Bread dough rheology: an improved damage function model

Abstract

We describe an improved damage function model for bread dough rheology. The model has relatively few parameters, all of which can easily be found from simple experiments as discussed in this paper. Small deformations in the linear region are described by a gel-like power-law memory function. Then, we consider a set of large non-reversing deformations—stress relaxation after a step of shear, steady shearing and elongation beginning from rest and biaxial stretching. With the introduction of a revised strain measure which includes a Mooney–Rivlin term, all of these motions can be well described by the damage function described previously. For reversing step strains, larger amplitude oscillatory shearing and recoil we present a discussion which shows how the damage function model can be applied in these cases.

Appendices

Appendix A: Strain measures used

In the concept of strain, one needs to define a reference geometry and another, the new (or strained) geometry. The deformation of the body in moving from the reference state to the new state leads to the development of the three strain forms used here (C, C ^− 1 and the Hencky strain ε _H ). The necessary derivations for general flows can be found in Tanner (2000) and in other texts; here, we give needed results only.
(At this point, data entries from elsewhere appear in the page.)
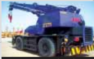
1996 Kato 25 Ton Rough Terrain Crane
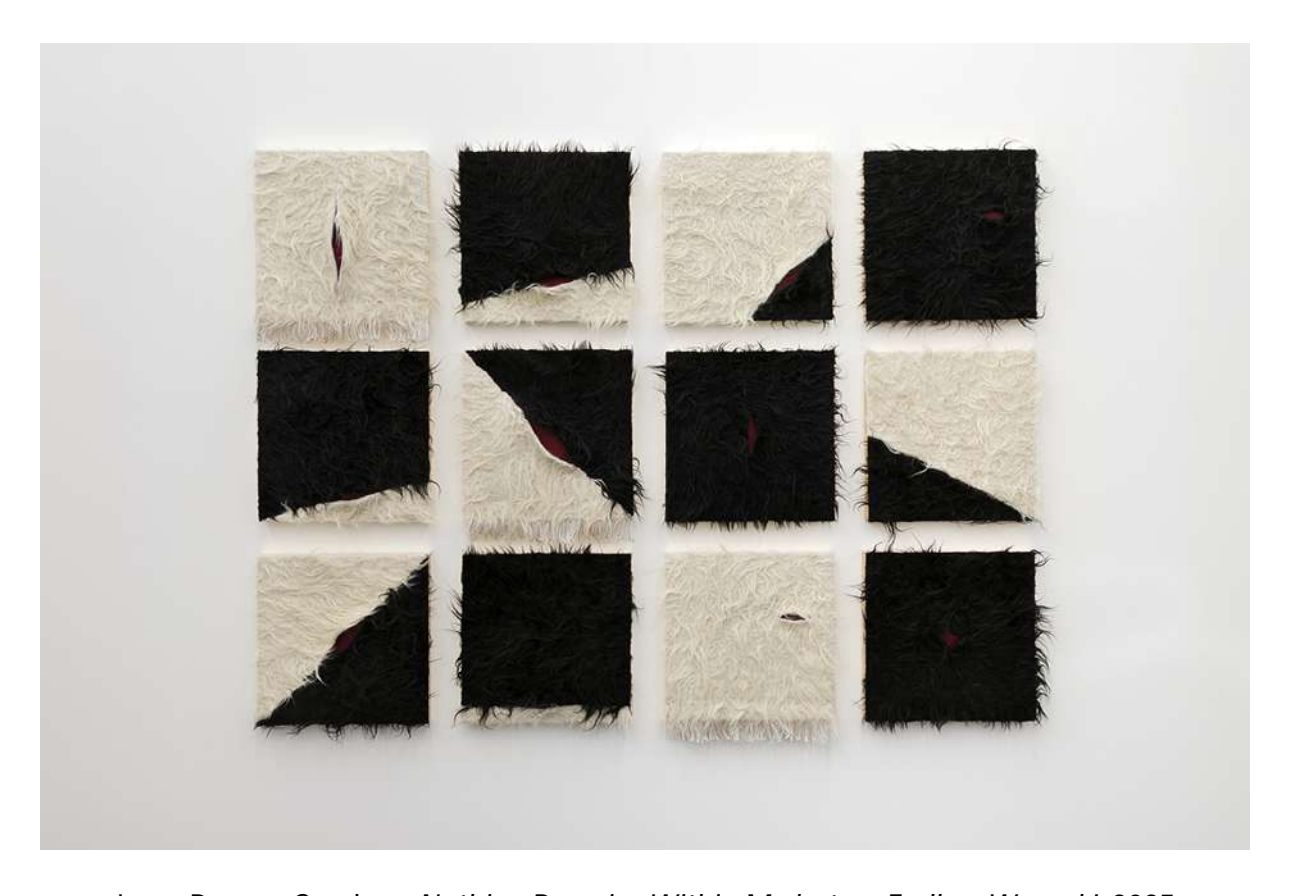
Jorge Rosano Gamboa, Nothing Remains Within Me but an Endless Wound I , 2025 Wool, gold leaf, encaustic and cochineal on a wooden frame 40 x 40 x 4 cm or 15,7 x 15,7x 1,6 inches each
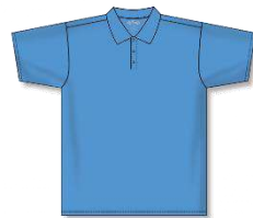
A1810 - Sky
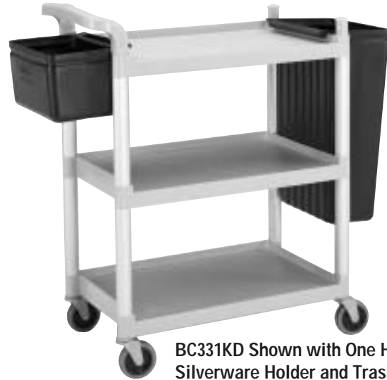
BC331KD Shown with One Handle, Silverware Holder and Trash Container (Plugs are used in place of other handle)
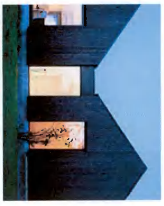
IMAGE OF BURNT LARCH WALL COVERING WE INTEND TO USE
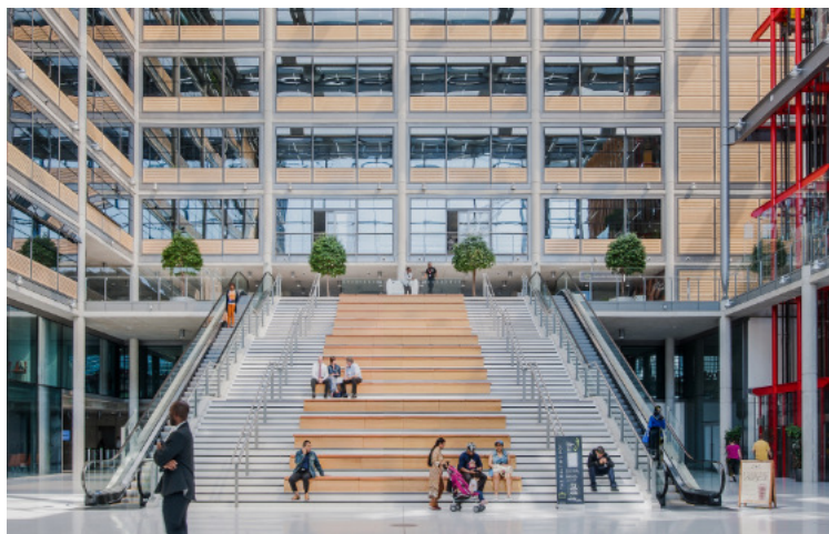
Brent Civic Centre

If any comments made by the Community Review Panel require clarification, it is the responsibility of the presenting team, whether project promoters or Brent Council officers, to draw this to the attention of the panel chair (if during the meeting) or the panel manager at Frame Projects (if the report of the meeting requires clarification).
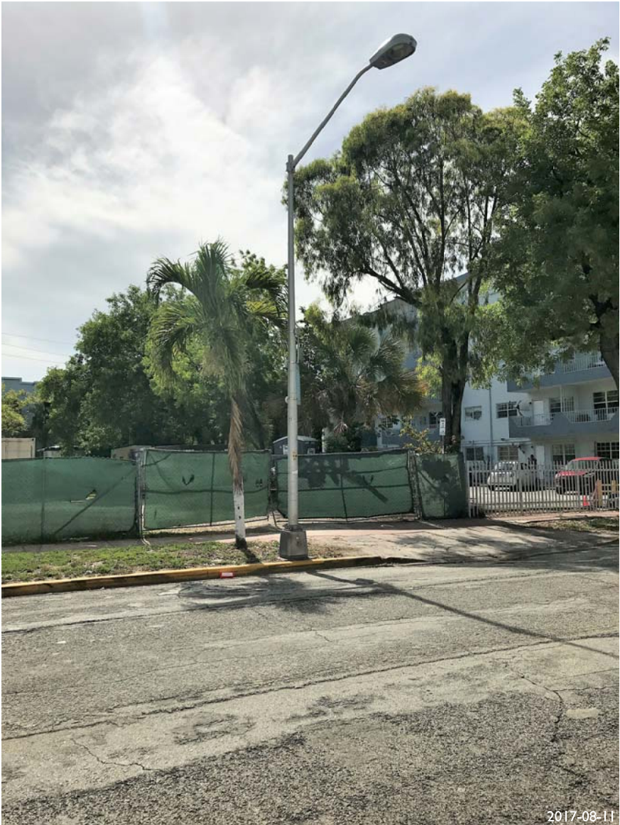
6. SITE ALONG MERIDIAN AVENUE AND EXISTING CURB
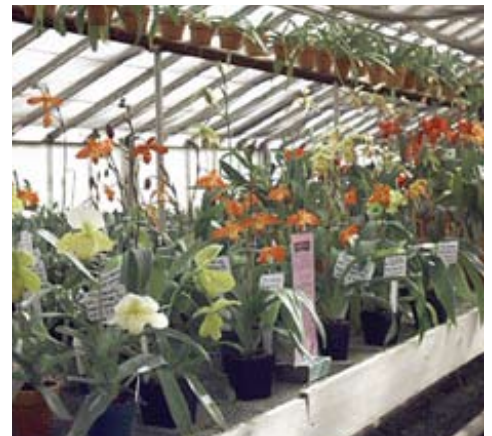
Orchids Garden Centre and Nursery

Residence Inn by Marriott 8400 Market Street (608) 662-1100 • 1-800-331-3131 www.residenceinnmadisonwest.com
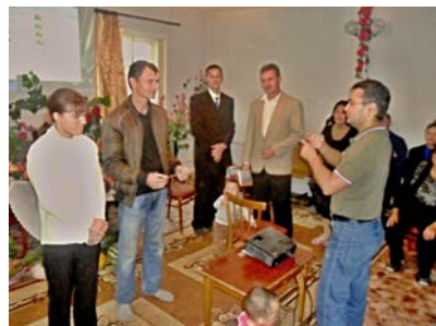
Deaf Meeting in Oralsk
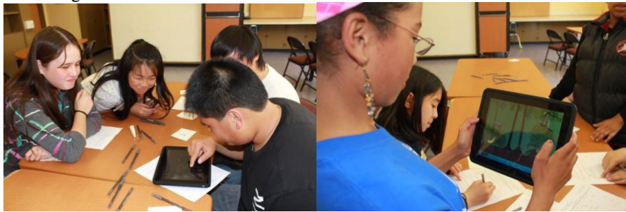
Fig. 4. Photographs from playtesting session at school.

User testing was conducted at a school on 50 students ranging from fourth to eight grade. Students were brought in groups of five and each played a different game on the iPad (see Fig. 4). 72% of the students said they would be interested in redeeming their points online. They also had the opportunity to write a fact that they learned from the game. 67% of students that played the camouflage game (n=12) were able to state a fact that they learned from the game. Example responses to this prompt for all the games include “I learned to make your penguin black or it will be eaten by a shark,” “the bird is the enemy of the butterfly,” and “animals, such as lizards, camouflage themselves.”
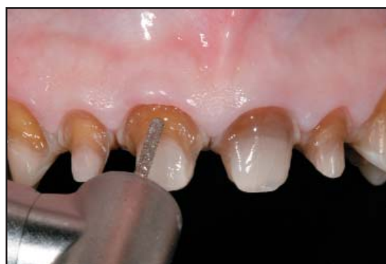
Figure 10. A coarse diamond bur was used to cut away the banding and create a 1-mm subgingival trough.

The patient was anesthetized and the maxillary and mandibular teeth were overlaid with a provisional acrylic using the putty matrices of the wax prototype. Depth cuts were placed in the facial surfaces of the maxillary anterior and premolar teeth with a 0.7-mm depth cutter. Incisal and proximal depth cuts of 1.5 mm and 1 mm,

The tensor C(t ^′) and its inverse, C ^− 1(t ^′), termed the Finger strain tensor, will be used here; it was explained by Lodge (1964) that C ^− 1 is of major importance in describing the mechanics of rubbery materials. These tensors use the current configuration x(t) as the reference state; the location of a particle that is at x at time t, is denoted by r at time t ^′, as assumed in Eqs. 3 and 4 above. Examples of the calculation of C and C ^− 1 for shear are given in Eqs. 5 and 6 above. For elongation along the x-axis, lengths along the x-direction in the strained state are λ times the lengths in the reference state. Because of incompressibility, the y and z coordinates shrink by a factor \(1/\sqrt \lambda\). Hence

$$\label{eq26} r_x =\lambda x,\;r_y =\frac{y}{\sqrt \lambda},\;r_z =\frac{z}{\sqrt \lambda}. $$

(26)

Hence, the F tensor is diagonal, with entries λ, \(1/\sqrt \lambda\), \(1/\sqrt \lambda\) for the diagonal elements, (and zero for the off-diagonal entries), so that

$$\label{eq27} {\rm {\bf C}}=\mbox{diag}\left[ {\lambda ^2,\frac{1}{\lambda },\frac{1}{\lambda }} \right] $$

(27)

and its inverse is

$$\label{eq28} {\rm {\bf C}}^{-1}=\mbox{diag}\left[ {\lambda ^{-2},\lambda ,\lambda } \right]. $$

(28)

In the damage function f we use the Hencky strain magnitude ε _H as its argument. This strain is calculated from the initial rest state. Let the initial state be described by X (X _i in coordinate notation). Then the strain relative to X at time t, (the particle is now at location x) can be written, following the equations discussed above as

$$\label{eq29} {\rm {\bf C}}={\rm {\bf F}}^T(t){\rm {\bf F}}(t) $$

(29)

where the component F _ij is now \(\partial x_{i} / \partial X_{j}\). The Hencky strain tensor H is defined as

$$\label{eq30} {\rm {\bf H}}=\frac{1}{2}\ln {\rm {\bf C}}. $$

(30)

We will use the largest principal positive eigenvalue of H as the measure of strain from rest (ε _H ). In this Appendix, we will consider elongation and shear in detail.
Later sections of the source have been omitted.